Systemic Deliberate Indifference and Undercounting Prison Rape

TEXAS, WHERE THEY MESS WITH YOU

Though it’s sixteen years after Farmer v. Brennan, when the Supreme Court (essentially) decided that allowing the rape of prisoners should be considered an advanced (and culpable) form of negligence, change has been slow to come. For one thing, no one really knows how many people are raped in the adult and juvenile systems each year. The Bureau of Justice Statistics is revising their surveys now; two of their recent surveys indicate that there are 165,400 acts of sexual abuse in their reporting period. (They use “snapshots” of a single day and then extrapolate.) But an evaluation of the methods used suggests that they may be drastically undercounting.

For one thing?

“Inmates who said they had been sexually abused were asked how many times. Their options were 1, 2, 3–10, and 11 times or more; that answers of ‘3–10’ were assigned a value of 5, and ’11 or more’ a value of 12. We know of no reason to think that answers of ‘3–10’ should be skewed so far toward the low end of the range, however-and inmates are sometimes raped many more than twelve times.”

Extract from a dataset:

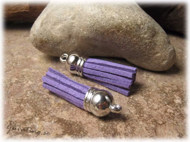 Mått: ca 30 mm. Hålet: ca 2,0 mm. Litet hänge tofs i lila fuskmocka och med silverfärgad hatt. Vikt och prisangivelse avser 1 styck tofs. Nickel, bly och kadmiumsäkrad av leverantören.

And also challenging these numbers is the sheer volume of people who move in and out of jails; “The number of annual jail admissions is approximately seventeen times higher than the jail population on any given day.” How do you find the real numbers? Not sure, yet: “What is the right multiple-are five, six, seven times 24,700 people molested and raped in jail every year? We don’t know yet, but we hope to soon.”